▶ **GIVEN MATERIAL**
= = = = =

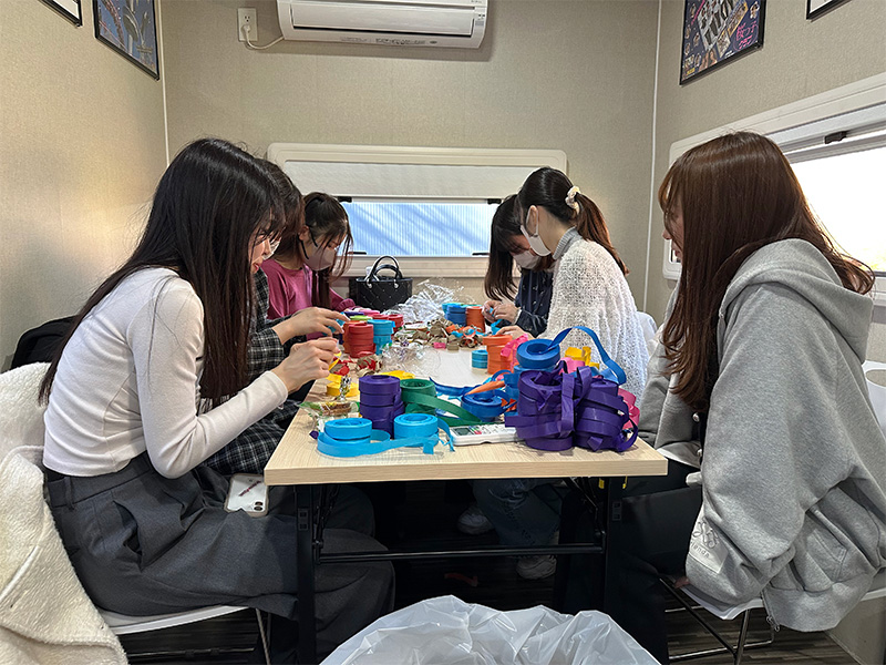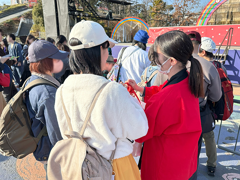 コラボイベントの最終日、私たちは西武園ゆうえんちを訪れ、ご準備いただいていた紙テープの芯を安全のために抜く作業や、投げた紙テープの軌道や飛距離の確認など、事前準備を行いました。その後、イベント開始の直前に、学生は西武園ゆうえんちさんの法被を纏い、ステージ前に集まったお客様にスタッフとして紙テープを配布し、投げ方を説明するなど、実際のイベント運営にも関わらせていただきました。
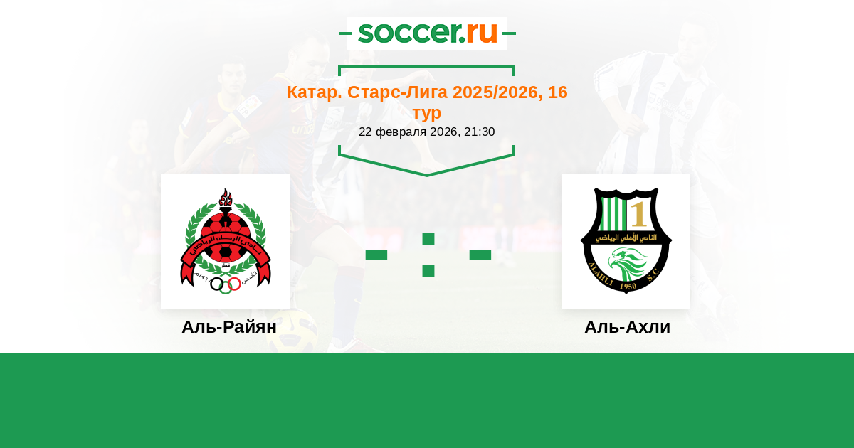 Катар. Старс Лига 13.02.2023 Аль-Ахли Логотип футбольный клуб Аль-Ахли (Доха) 0:4 Логотип футбольный клуб Аль-Райян Аль-Райян
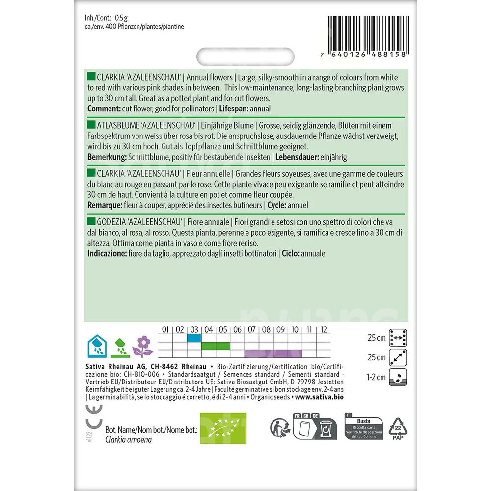 A virága fodros, kreppszerű szirmokkal rendelkezik. A Clarkia virágainak gondozása gyerekjáték, és ha egyszer elültettük őket a kertben, nincs más dolgunk, mint gyönyörködni bennük.
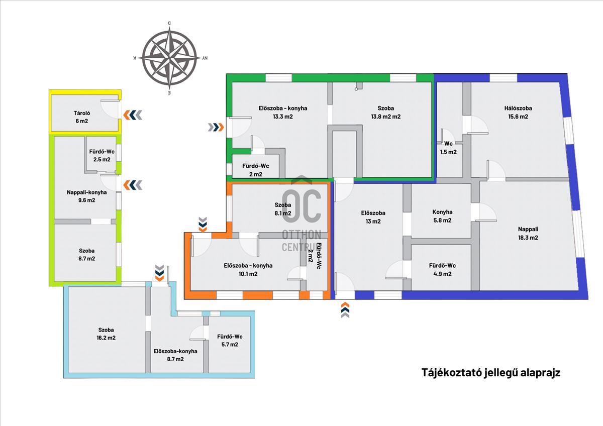 ✅ Az épület kiadásra optimalizált elrendezésű, több, egymástól független lakrész került kialakításra.

= = = = =

▶ **WHAT IS REQUIRED**
Copy everything in the listing above exactly except the pictures.

▶ **ANSWER TO THE PROBLEM**
 コラボイベントの最終日、私たちは西武園ゆうえんちを訪れ、ご準備いただいていた紙テープの芯を安全のために抜く作業や、投げた紙テープの軌道や飛距離の確認など、事前準備を行いました。その後、イベント開始の直前に、学生は西武園ゆうえんちさんの法被を纏い、ステージ前に集まったお客様にスタッフとして紙テープを配布し、投げ方を説明するなど、実際のイベント運営にも関わらせていただきました。
 Катар. Старс Лига 13.02.2023 Аль-Ахли Логотип футбольный клуб Аль-Ахли (Доха) 0:4 Логотип футбольный клуб Аль-Райян Аль-Райян
 A virága fodros, kreppszerű szirmokkal rendelkezik. A Clarkia virágainak gondozása gyerekjáték, és ha egyszer elültettük őket a kertben, nincs más dolgunk, mint gyönyörködni bennük.
 ✅ Az épület kiadásra optimalizált elrendezésű, több, egymástól független lakrész került kialakításra.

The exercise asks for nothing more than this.